# Red Tongue



## Penny & Maggie's Mom (Oct 4, 2007)

I'd give the vet a call.... why??? cuz I'm a major worrywart. I still check Cody's gum color daily after his AIHA. Are his gums pink??????


----------



## ILoveMyGolden (Oct 19, 2006)

Gums are pink/normal, just the tongue...!


----------



## amy22 (May 11, 2008)

Gosh...I would call the vet too...Im also a big worrywart!


----------



## tennisball (Oct 14, 2009)

Did he have a lot of exercise today? I remember reading that their tongues can turn a deep red when they're overheated, but since it's winter and you're in Ontario, it's highly unlikely. I would call the vet just to be on the safe side.


----------



## nixietink (Apr 3, 2008)

I'm bumping this thread. Vito has has a really red tongue the past few days when it is normally pink. No changes in activity level, appetite, etc.


----------



## luvgolds (May 20, 2009)

Harley had a very red tongue - I would say deep burgundy or purple - like a dark red wine color - when his allergy symptoms started about 3 weeks ago. I noticed that right away, before even the other symptoms. I did have Harley at the vet and put on some other postings the issue's we've encountered.
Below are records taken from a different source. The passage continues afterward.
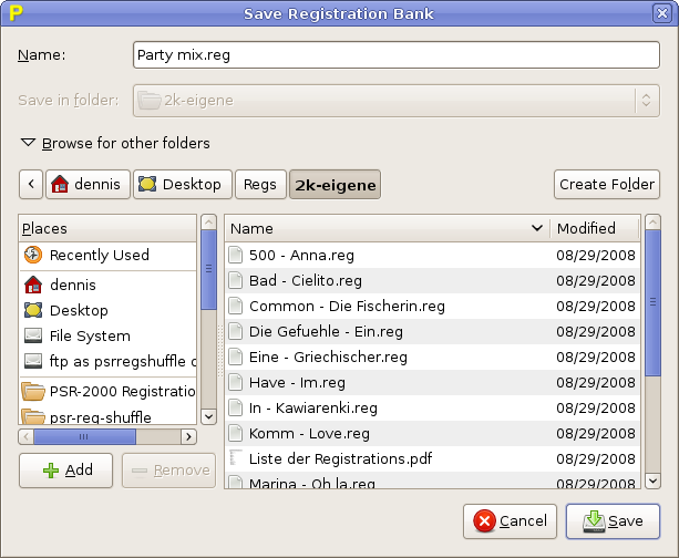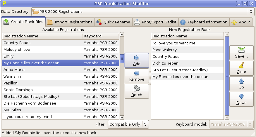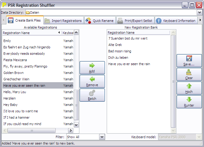 | Creating new bank filesOnce you got your archive straight creating new bank files is as easy as dragging songs from the left list to the right. In order to remove songs from the right list simply drag them back. Or you can or use the dedicated buttons at the right-hand side. Unecessary to mention that you can rename both: Available registrations as well as exported song names. If you change the song name in the right (export) list the original registration remains untouched. You just change the name within the newly created bank file.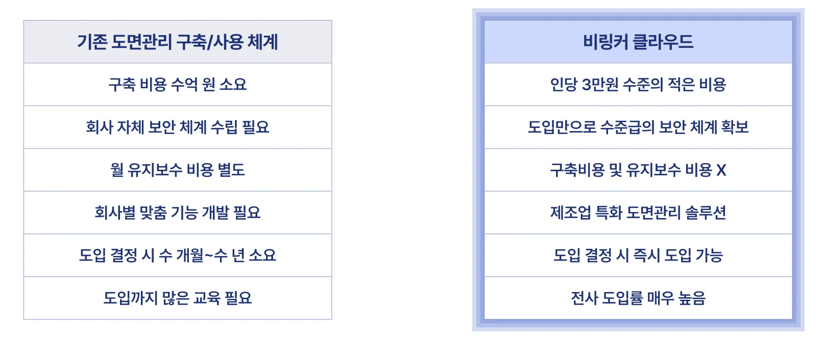 비링커 클라우드는 기존 도면관리 구축 시스템 대비 매우 효율적인 비용과 시스템을 제공하고 있습니다.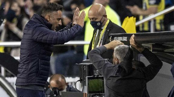 Fenerbahçe Teknik Direktörü Vitor Pereira'nın Olympiakos karşısında sahaya sürdüğü 11 ve maça yaptığı müdahaleler büyük tepki çekti. Sabah'ın haberine göre maçın son anlarında tribünlerden Vitor Pereira'nın olduğu yere su bardakları atıldı. Yedek kaleci Berke Özer de tribünlere 'atmayın' şeklinde tepki gösterdi.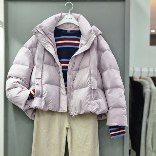 [무자크]니트 후드넥 포인트 덕다운 숏 패딩점퍼 MP9PD01

I've since talked to a friend who's golden has allergy issues and they said as well their golden's tongue turned that color when allergies flared up. My vet didn't say much about the deep color tongue either way, my friend said her vet didn't say much as well either. 

We think Harley's allergies were related to a change in food. He's back on his old food now for alittle over a week and every day his tongue seems to be getting back to a normal color.

Does your golden have other symptoms -more panting than usual, licking paws, chewing fur, fatigue, inability to exercise for standard periods of time? 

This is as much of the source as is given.